Viel Tempo, schöner Spielfluss und ein knappes Spiel. Die erste Partie für die Bietigheim Steelers im neuen Jahr ist ein absolutes sportliches Schmankerl. Am Freitagabend gibt es gegen die Lausitzer Füchse zwar kein nachträgliches Tor-Feuerwerk nach Silvester, dafür aber Drama pur. Nach 60 Minuten ist nämlich beim 1:1 noch kein Sieger gefunden, so geht es in die Overtime. Dort bestimmt der SCB beinahe nach Belieben in den ersten zwei Minuten das Spielgeschehen, gleich mehrfach kommen die Bietigheimer durch Jack Dugan, Tim Schüle oder Cole Fonstad in Position.
Bietigheim Steelers Brett Kemp tütet den Extrapunkt ein
In der Verlängerung macht der Kanadier den Deckel drauf. Er erzielt nach einem herrlichen Solo das 2:1 gegen die Lausitzer Füchse und sorgt für den Auswärtssieg.
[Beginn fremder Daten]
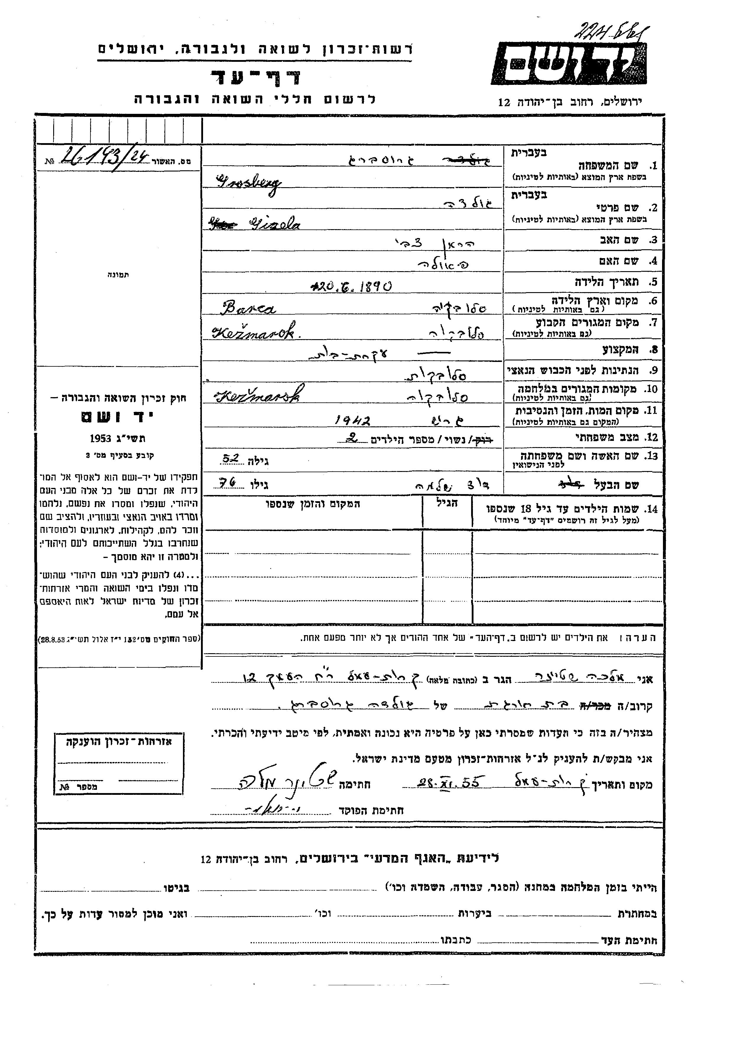 Gizela Golda Grosberg wurde im Jahr 1890 in Barca, Tschechoslowakei geboren. Sie war die Tochter von Herman Tzvi und Paula. Sie war Hausfrau und mit David Shlomo Verheiratet. Vor dem Zweiten Weltkrieg lebte sie in Kezmarok, Tschechoslowakei. Während des Krieges war sie in Kezmarok, Tschechoslowakei.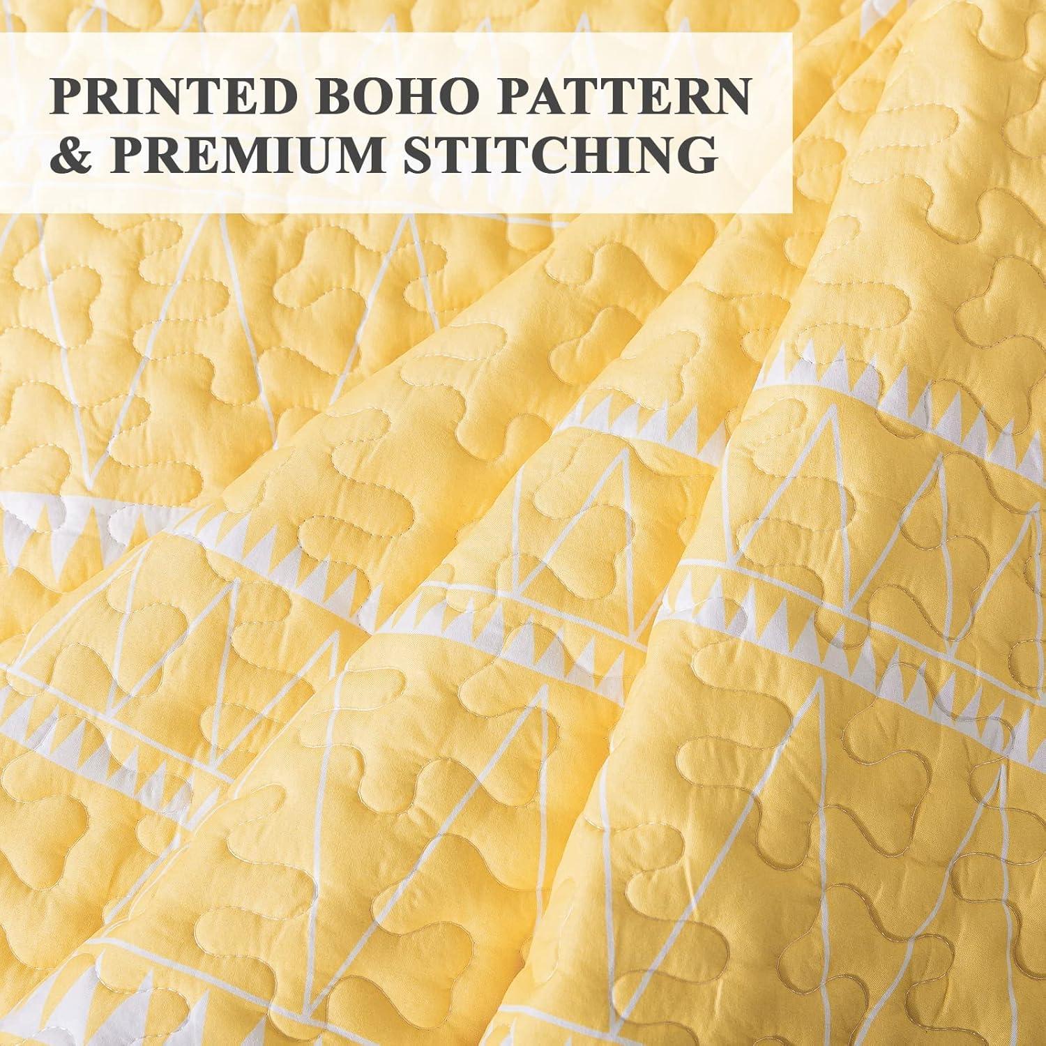 imageAndency Quilt King Size Set Grey 106x96 Inch 3 Pieces1 Striped Boho Printed Quilt and 2 Pillowcases Bohemian Summer Lightweight Reversible Microfiber Bedspread Coverlet Sets08  Yellow  Printed Pattern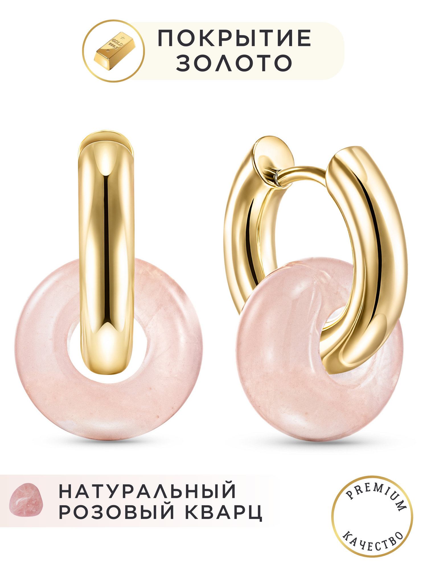 Серьги кольца с подвесками розовый кварц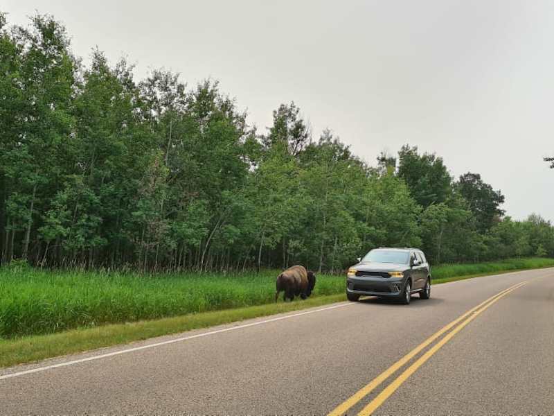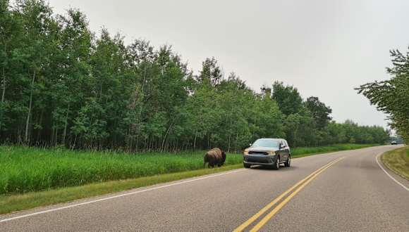 Weniger als eine Stunde (45 km) östlich von Edmonton liegt der kleine 194 km² große eingezäunte Elk Island National Park direkt beidseitig des Yellowhead Highway (No. 16). Er wurde 1906 auf den Beaver Hills (Biber-Hügeln), ursprünglich von den Sarcee- und Cree-Indianern bewohnt, als geschütztes Gebiet gegründet und 1930 zum Nationalpark erklärt. Es gibt einen allgemein zugänglichen Teil nördlich desHighway und einen Teil südlich davon, der offensichtlich nur mit Führern begehbar ist. Dieser Park schützt einen Teil des Aspen Parklands, das einst den gesamten nördlichen Saum der Prärie bildete. Dieser Nationalpark soll zu den besten Gegenden Albertas für Tierbeobachtungen in freier Natur zählen: Prärie- und Waldbisons, Wapitis(Elks), Elche (Mooses), Weißedel- und Maultierhirsche, Kojoten, Biber,Bisamratten, Nerze und Stachelschweine sowie aufgrund der vielen Seen und Tümpel ca. 250 Vogelarten. Die offizielle Homepage des Elk Island National Park ist (http://www.pc.gc.ca/eng/pn-np/ab/elkisland/index.aspx).

Am Ende ist es aber Brett Kemp, der dem Abend ein Ende bereitet. Der Kanadier gleitet wie das heiße Messer durch die Butter, vernascht die Füchse-Defensive und bleibt nach dem Solo auch vor Goalie Anthony Morrone eiskalt. Das 2:1 versetzt die mitgereisten Steelers-Fans in Ekstase, die mit dem Extrapunkt im Gepäck nach Hause fahren.
Schleppender Beginn der Gäste
Dabei merkt man den Schwaben zu Beginn des Spiels jedoch noch die müden Beine aus der siebenstündigen Busfahrt nach Weißwasser an. „Ausschlaggebend ist ein guter Start nach der langen Fahrt“, mahnt Coach Alexander Dück schon vor der Partie an. Ohne Marek Racuk und Mick Hochreither beim Auswärtsspiel starten die Steelers schwächer ins erste Drittel. Die Gastgeber bringen mit aggressivem Forechecking die Ellentäler immer wieder in die Bredouille und lassen sie in den Anfangsminuten kaum aus dem eigenen Drittel kommen. Doch mit Florian Mnich im Kasten hat der SCB einen sicheren Rückhalt, der es nie wirklich gefährlich werden lässt.
Stattdessen kommt der erste Warnschuss auf der Gegenseite, Pawel Dronia bekommt nach sechs Minuten einen Abpraller auf den Schläger, den setzt er dann aber aus der Distanz doch am Kasten vorbei. Bei den Füchsen ist es Clarke Breitkreuz, der Bruder des früheren Steeler-Stürmers Brett, der zur ersten guten Gelegenheit kommt. Der 34-Jährige ist nach rund einer Viertelstunde plötzlich frei durch und auf dem Weg zur Führung, die wird aber durch Mnich verhindert.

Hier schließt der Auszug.